Faculty Pass Anti-Racism Resolutions


Olivia Field

Wake Forward, a group of self-described progressive faculty, are currently awaiting the administration’s response to a set of four resolutions that were written by faculty and passed at the March 18 faculty meeting.

The resolutions condemn the administration’s response to instances of “white supremacist language and imagery” in the Howler, support the Wake Forest University Anti-Racism Coalition’s demands and further call upon the university to present tangible progress addressing these issues at the next faculty meeting on April 8.

“Racism on campus is an issue many Wake Forward members have been discussing through this group since its founding — and, of course, many Wake Forward members have been discussing and working on campus racism well before the group was created,” said Michaelle Browers, a member of Wake Forward and professor in the department of politics and international affairs.

Of the requests made in the resolutions, the university has only addressed the need for a space specifically for the Black Student Alliance. The group hopes to see additional progress, but are unsure if it will happen officially.

“Wake Forward has been given time on the [April] agenda to continue this conversation. We do not know if the administration will respond to the resolutions in an official capacity,” said Kristina Gupta, a member of Wake Forward and assistant professor in the department of women’s, gender, and sexuality studies (WGS). “To my knowledge, they have not officially committed to any of the other things requested in the faculty resolutions. Faculty will continue to push to see these resolutions implemented.”

According to an email sent to the members of Wake Forward, the vote occured through a secret ballot with the tally coming out to 130 in favor, 16 against and five abstentions. The resolutions are signed by a group of 65 faculty members ranging from the English and WGS departments to the biology and math departments. 

According to Browers, the resolutions were the product of both multiple in-person discussions, including ones with the student-led Anti-Racism Coalition, and conversations through email and a Google Doc to which the members had access.

“The faculty assembled decided that the first matter was to support the efforts of the [Anti-Racism Coalition],” she said. “However, we also wanted to think about not only how we could serve to lift up their voices by endorsing their demands, but what else the faculty might want to see as part of an effort aimed at addressing anti-black racism and white-supremacy at Wake Forest with the urgency, boldness and broad-based institutional focus these matters warrant.”

The first resolution discusses the fact that “former students,” who are now “prominent leaders of the Wake Forest University community,” are pictured in photos that are part of a larger theme of “white supremacist language and imagery” in the Howler. Although the text does not directly name them, this resolution is alluding to the images of Dean of Admissions Martha Allman and Associate Dean of Admissions Kevin Pittard standing in front of confederate flags in the 1982, and 1983 and 1984 issues of the Howler, respectively. The resolution proceeds to “condemn the Wake Forest University administration’s response to these revelations thus far as inadequate.”

“We believe that a) the responses offered were delayed to the point of negligence; b) the ongoing silence of college and university leaders is unacceptable; c) the responses are wholly insufficient as apologies, redress for harms done, or commitments to policies and programs that would transform the university; and d) these events are consistent with previous failures by university leaders to address anti-black racism and white-supremacy at Wake Forest with the urgency and transparency that they warrant,” the resolution stated.

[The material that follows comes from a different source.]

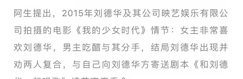 可很多网友也提出疑问,刘德华在《我的少女时代》中,也只是个客串的角色,或许就是简单的卖个人情,也并没有参与剧本的编写和拍摄,如果将这个“锅”甩给刘德华,着实有点离谱!
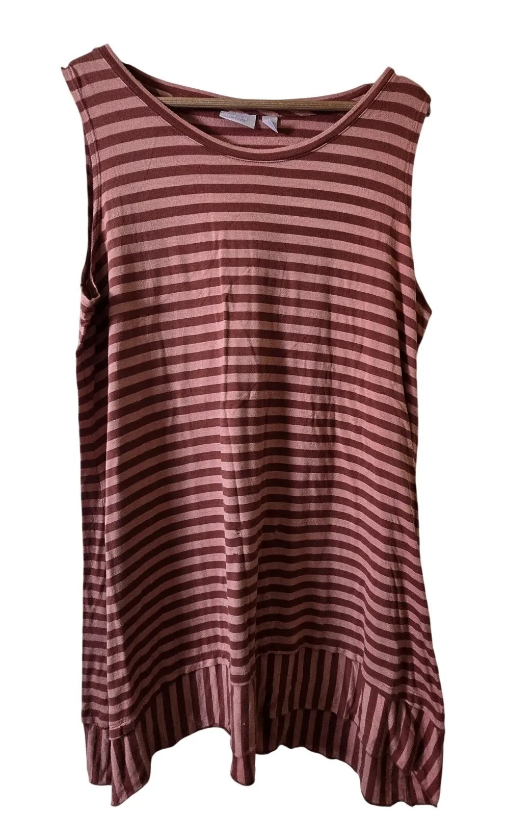 No flaws, gently used, great pre-owned condition! Smoke free, cat friendly home - clothing not stored where she has access. Fast shipping 1-2 business days! Measurements (approx) Length 30" Sleeve opening 10" Chest around 44" Keywords: LOGO Layers, tank top, sleeveless top, striped tank, casual top, tunic top, brown tank top, pink tank top, XL, extra large, summer top, layered look, vacation wear

Directly mentioning the Anti-Racism Coalition, the second resolution endorses their list of nine demands — which include a zero tolerance policy to white supremacy, transparency in bias reporting and more.

The third resolution calls for the university to “engage in a substantive and independent process of Truth and Reconciliation.” By referencing efforts made by Brown University and Georgetown University, it requests that the administration provides a plan to address its “[historical] and present support of white supremacy.”

“We need to shine a bright light on Wake’s history with slavery and racial segregation, and on its struggles with anti-black racism in the contemporary period. We request that the Wake Forest University Administration provide a plan for a Truth and Reconciliation process at the April 2019 College Faculty Meeting,” the resolution stated.

Also calling for more information at the next meeting, the final resolution asks that the Office of the Provost reports back about progress made with the “Community in Progress” project. This project accepted recommendations from communities across campus, and commissioned a Campus Climate Implementation Team to respond to and implement the recommendations.

Provost Rogan Kersh did not immediately respond to requests for comment.

Overall, Gupta expressed the need for larger institutional changes that aim to address the problem of white supremacy and racism on campus.

“I think it is vital for students to understand that this is a bigger issue than just the yearbook photos,” Gupta said. “White supremacy is embedded in Wake Forest as an institution, in everything from building names, to the lack of faculty, students and upper-level administrators of color, to the legacy system, to the curriculum, to the athletics system, to the employment of low wage contract laborers who are mostly people of color. Addressing these broader issues will require an institutional commitment to systemic and systematic change, which is what the faculty resolutions call for.”

Editor’s note: Faculty advisor to Old Gold & Black Phoebe Zerwick is a member of Wake Forward.